This study adopts a statistical approach based on Exploratory Spatial Data Analysis to identify underlying contribution patterns of OpenStreetMap (OSM). Univariate and multivariate analyses on a number of variables computed from OSM history on a regular hexagonal grid in Milan (Italy) allow to detect a number of both local clusters and local outliers, which shed light on the complexity of OSM temporal evolution driven by active local contributors and communities, data imports and mapping parties.
Compared to traditional geospatial data sources, a major advantage of OpenStreetMap (OSM) is the availability of its full history. In literature, OSM history has been exploited for a number of purposes. The most frequent is intrinsic quality assessment, which - in contrast to extrinsic assessment, where OSM quality is evaluated through comparison against a reference dataset - estimates OSM quality by only looking at its temporal evolution. OSM history has been also explored to gain insights into the project's contribution patterns, e.g. history and profiling of contributors; origin, amount, nature and frequency of edits; spatio-temporal evolution of the whole OSM database - or parts thereof, such as road networks and buildings - in specific areas, or after specific events like natural disasters; and spatial analysis of contributor and contribution patterns.

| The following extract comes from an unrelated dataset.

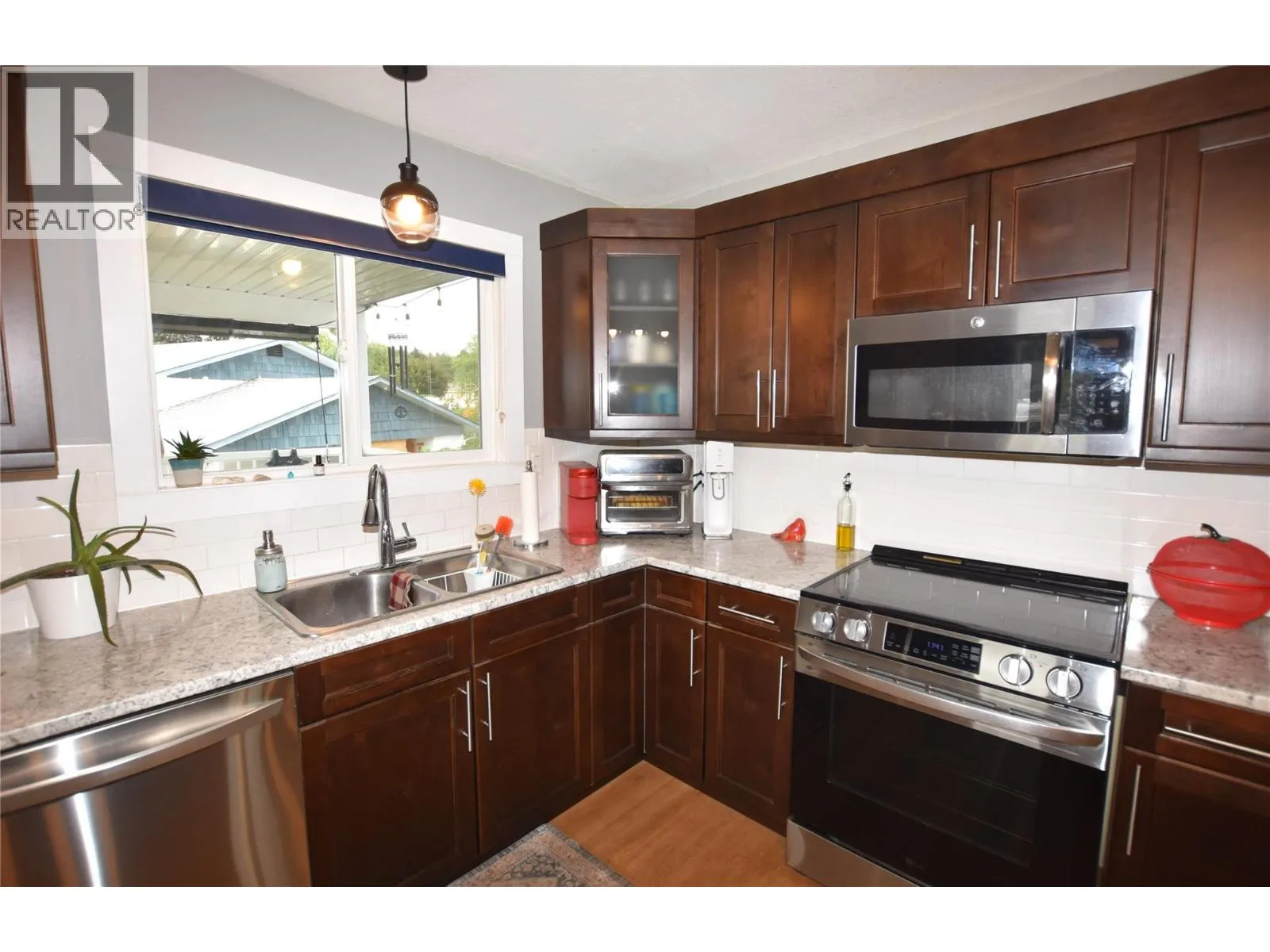 Welcome to 2105 14th Street, nestled on a quiet cul-du-sac in the well-established East Hill neighborhood of Vernon. This 4-bedroom plus den, 2-bath family home offers a highly convenient location close to schools, shopping, restaurants, and public transit. The main level features an open-concept living area with newer, low-maintenance vinyl plank flooring. The kitchen provides ample counter space and storage, complete with stainless steel appliances, while the cozy living room includes an electric fireplaceâperfect for taking the chill off on cooler mornings. Also on this level are three bedrooms and a full bathroom with double sinks. The lower level adds versatility with another bedroom, a family room, a den (or potential 5th bedroom), storage space, and laundry. Additional highlights include a fully fenced yard, double carport, hot tub, excellent parking, a 10' x 12' storage shed, and a furnace and heat pump that are just six months old. Quick possession is available. (id:27476)

This work fits into the context of OSM intrinsic assessment by proposing a statistical approach based on Exploratory Spatial Data Analysis, and in particular spatial association, aimed at uncovering underlying history-based patterns of OSM data. More in detail, spatial association is investigated in both the univariate and multivariate contexts, i.e. in the cases - respectively - when one variable and multiple variables (together) are examined. The univariate analysis is performed using the Local Moran’s I indicator, which provides a robust classification method to detect statistically significant patterns (compared to the hypothesis of randomness) and define the spatial association type at each location in the dataset. The association type reflects the local characteristics of the variable at each location and its surroundings. Hence it allows detecting clusters, i.e. local patterns of similar (either high or low) values, as well as outliers, i.e. local patterns of dissimilar values (either low values surrounded by high values or viceversa). Instead, the multivariate Geary’s c indicator is employed to detect local association patterns resulting from the joint spatial interaction of two or more variables. A multivariate pattern classification comparable to the one of the univariate case is achieved through a novel classification method developed by the authors. This consists of a comparison of local and global centrality measures (means and medians) for the computed distribution of the multivariate Geary’s c, to produce classification maps of clusters and outliers.
The analysis is performed on Milan Province (Northern Italy), counting a population of more than 3 million inhabitants on a surface of about 1.500 km². This area is sampled using a regular hexagonal grid with side of the hexagon equal to 1000 m, producing a total of 684 cells. The analysis is focused on the history of OSM nodes only, with the following hypotheses: only nodes with at least one tag are considered; a new version of a node is counted only when there is a change in tags (not in geometry); only the nodes which currently exist in the OSM database are considered. With this in mind, for each grid cell a number of history-based variables are computed: total number of different contributors who have edited OSM nodes; average number of different contributors who have edited each OSM node; average date of creation of the OSM nodes; average date of last edit of the OSM nodes; average number of versions of the OSM nodes; average frequency of update of the OSM nodes. These values are derived from the processing of the OSM Full History Planet file (downloaded in May 2019) and its conversion into a SpatiaLite database after an intersection with the study area, followed by the computation of the variables for each grid cell.
The univariate analysis, performed using the QGIS Hotspot Analysis plugin developed by the authors, highlights different spatial associations for the different variables. While some of them (such as total and average number of contributors and average version) clearly show clusters of high values in correspondence of the most urbanized areas and clusters of low values in the non-urban peripheral areas, spatial association patterns are more heterogeneous for other variables such as the average update frequency. Multivariate analyses are then performed to detect the spatial patterns derived from the joint interaction between two and more of the variables considered. Despite each variable has its own spatial pattern when taken alone, their combination (especially when adding more and more variables) highlights not only high and low-value clusters in urban and non-urban areas, but also other interesting clusters and outliers. These unveil peculiar contribution patterns resulting from active local contributors, data imports and mapping parties, and highlight areas where OSM development might need some improvement.
Despite only preliminary, the methodology - which, to the authors’ knowledge, has been never adopted before in OSM-related research - looks extremely promising to process the complexity of OSM history and transform it into understandable, statistical-based indicators which can shed more light on the intricate phenomenon of OSM local development.